И совсем уж удивительно вот что. Видный поэт и переводчик единственный, кажется, раз в своей практике без экивоков попросил — обсудите, что у меня получилось: “Интересно, что скажет по поводу этих переводов читатель, особенно читатель, знающий не только русский, но и армянский язык. И еще: если автор стихотворения — Амо Сагиян, то, по-моему, даже перевод его стихотворения в большей мере собственность поэта Амо Сагияна, чем переводчика А.Тарковского. Мне хочется верить, что желание устоять против соблазна отсебятины, строгая самодисциплина, уважение к подлиннику и есть то вооружение, с которым следует приступать к переводу произведений такого значительного искусства, как искусство Амо Сагияна”.

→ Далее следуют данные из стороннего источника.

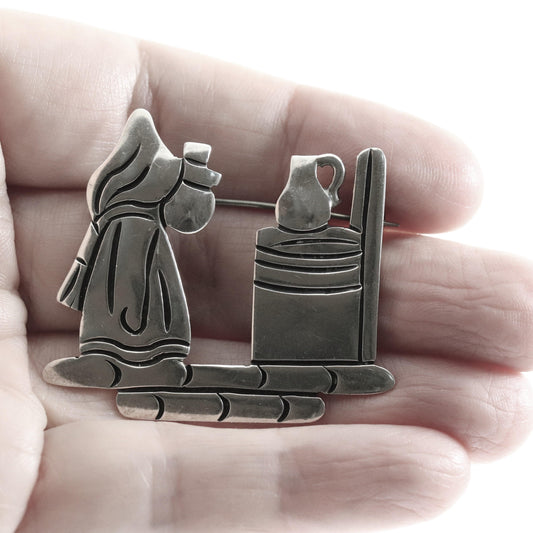 Vintage Taxco Silber Mexikanischer Schmuck | Maricela Traditionelle Brosche mit Frau und Krug

“По-моему”, “хочется верить” — условные, верней, именно что безусловные, почти рефлекторные обороты речи воспитанного человека, призванные смягчить императив. И, разумеется, говоря об Амо Сагияне, Тарковский имел в виду любого значительного мастера. Заурядное вступительное слово переросло в незаурядный документ, если хотите — манифест. Манифест, откровенно проигнорированный и забытый. Армянские критики пропустили просьбу Тарковского мимо ушей. Его переводы из Сагияна несколько раз перепечатывались, однако доныне, сколько знаю, не разобраны.

“Поэзия Амо Сагияна <…> проста (вернее, кажется простой) по форме”, — заметил Тарковский. Так оно и есть, однако присмотримся все-таки к этой вскользь оброненной реплике попристальней. Среди десяти стихотворений, напечатанных “Дружбой народов”, пять и вправду написаны наиболее распространенным катреном с наиболее распространенной перекрестной рифмой (местами, впрочем, охватной). Шестое — белым стихом. Два стихотворения построены на сквозной рифме. Еще одно представляет собой девятистишие — сложную, придуманную поэтом строфу. Наконец, Сагиян изобрел оригинальную форму; чтобы не утомлять вас описанием, приведу подстрочник стихотворения “Рассвет”:

 

Свет коснулся горы, А

содрогается гора, Б

горы прянули ввысь. В

 

Птица проснулась на дереве, А

содрогается дерево, Б

деревья прянули ввысь. В

 

Серна поднялась на камень, А

содрогается камень, Б

камни прянули ввысь. В

 

И мне на миг почудилось — Г

под камнями спящие Г

столетья прянули ввысь. В

 

Вторые строки в первых трех строфах, а третьи — во всех четырех повторяются; разнятся лишь конечные слова вторых строк и начальные — третьих, причем эти разнящиеся слова неизменно между собой рифмуются (сарин–царин–карин; сарер–царер–карер–дарер).

Неприхотливая пейзажная зарисовка к финалу приобретает измерение, менее всего здесь ожидаемое, — время; возникает ощущение вечности. Сквозная звуковая перекличка накрепко связывает обособленные, высвеченные ранними солнечными лучами картинки. Движение постепенно преобразуется от естественного к парадоксальному и затем умозрительному. Сперва ввысь устремляются гора и дерево, реализуя, так сказать, естественный вектор своих очертаний. Летящие кверху камни — парадокс, объяснимый обманом зрения, ведь окрест утренние сумерки, свет едва-едва брезжит. А столетия, скрепившие воедино глубь, откуда они появились (из-под камней), и высь — это метафора связи времен и нашей к ней причастности.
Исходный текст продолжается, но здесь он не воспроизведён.